• **Goal of the exercise**:
Filter the listing so that only lines with the word "setting" remain.

• **Data extract**:
----

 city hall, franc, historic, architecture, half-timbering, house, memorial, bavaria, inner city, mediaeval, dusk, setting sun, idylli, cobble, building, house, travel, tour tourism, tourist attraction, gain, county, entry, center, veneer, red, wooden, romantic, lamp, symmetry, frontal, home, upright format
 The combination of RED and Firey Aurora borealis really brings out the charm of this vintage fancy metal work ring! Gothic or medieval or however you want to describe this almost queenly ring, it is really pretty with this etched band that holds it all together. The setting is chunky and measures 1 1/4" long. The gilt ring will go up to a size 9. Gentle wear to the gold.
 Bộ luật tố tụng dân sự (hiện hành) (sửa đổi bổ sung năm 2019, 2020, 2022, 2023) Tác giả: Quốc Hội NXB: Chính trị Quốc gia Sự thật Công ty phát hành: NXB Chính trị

----

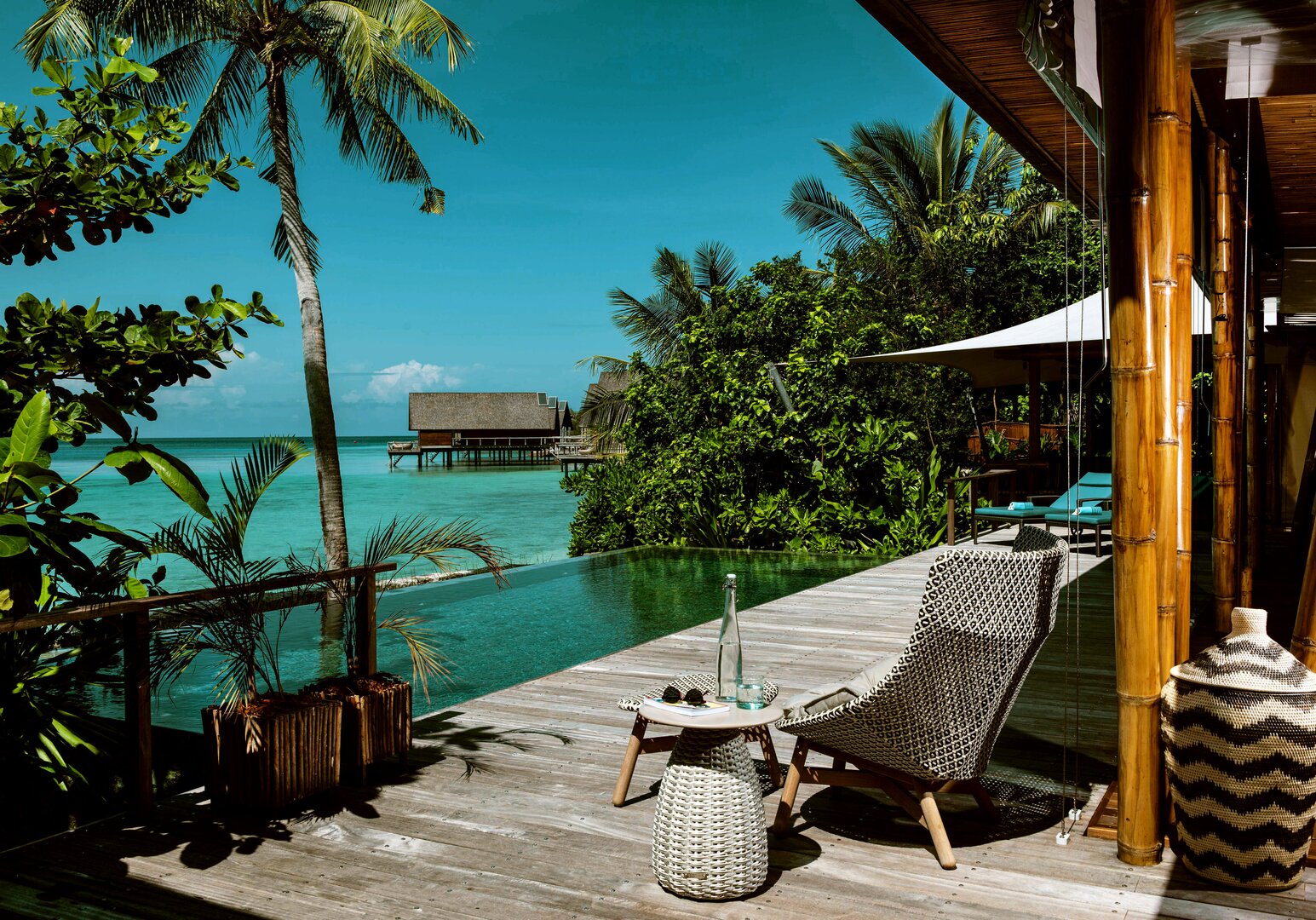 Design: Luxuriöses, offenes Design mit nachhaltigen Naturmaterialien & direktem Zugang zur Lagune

----

• **Written solution**:
 city hall, franc, historic, architecture, half-timbering, house, memorial, bavaria, inner city, mediaeval, dusk, setting sun, idylli, cobble, building, house, travel, tour tourism, tourist attraction, gain, county, entry, center, veneer, red, wooden, romantic, lamp, symmetry, frontal, home, upright format
 The combination of RED and Firey Aurora borealis really brings out the charm of this vintage fancy metal work ring! Gothic or medieval or however you want to describe this almost queenly ring, it is really pretty with this etched band that holds it all together. The setting is chunky and measures 1 1/4" long. The gilt ring will go up to a size 9. Gentle wear to the gold.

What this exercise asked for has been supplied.